ASSIGNED TASK
Type out the listing below exactly. Pictures stay out of it.

GIVEN INFORMATION
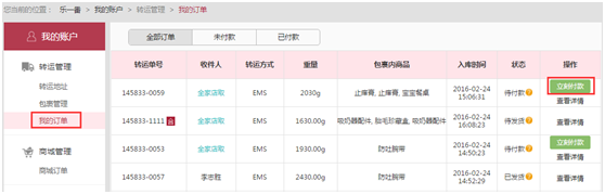 第一步:当你的包裹达到乐一番仓库,后你可以再我的账户——包裹管理的页面中看到你自己的订单信息
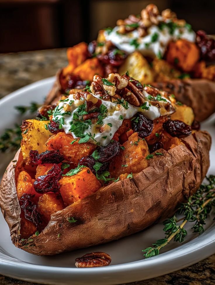 Soft roasted sweet potatoes filled with warm cinnamon-spiced apples, a touch of maple, and crunchy nuts. Comforting, wholesome, and perfect as a breakfast, snack, or side dish.
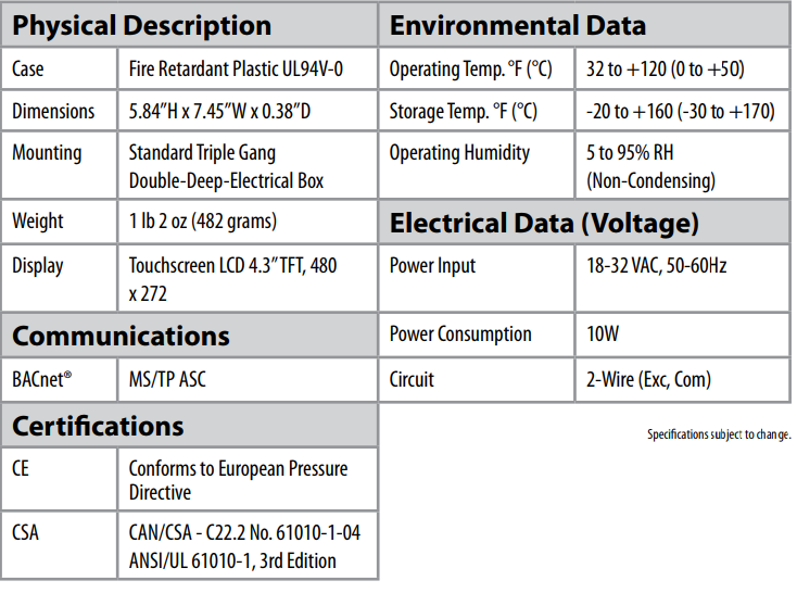 The Setra MRMS provides a central location to view critical room conditions for up to eight rooms with configurable audible/visual alarms. The MRMS’ 4.3” color LCD touchscreen is easy to navigate and ideal for any healthcare facility that needs to monitor critical room status from a central nurses location. The MRMS significantly reduces installation setup through its Auto-Discover feature, which automatically finds and connects to other Setra BACnet products and imports all MAC addresses, BACnet objects, naming conventions and other setup parameters.

FINISHED TASK
 第一步:当你的包裹达到乐一番仓库,后你可以再我的账户——包裹管理的页面中看到你自己的订单信息
 Soft roasted sweet potatoes filled with warm cinnamon-spiced apples, a touch of maple, and crunchy nuts. Comforting, wholesome, and perfect as a breakfast, snack, or side dish.
 The Setra MRMS provides a central location to view critical room conditions for up to eight rooms with configurable audible/visual alarms. The MRMS’ 4.3” color LCD touchscreen is easy to navigate and ideal for any healthcare facility that needs to monitor critical room status from a central nurses location. The MRMS significantly reduces installation setup through its Auto-Discover feature, which automatically finds and connects to other Setra BACnet products and imports all MAC addresses, BACnet objects, naming conventions and other setup parameters.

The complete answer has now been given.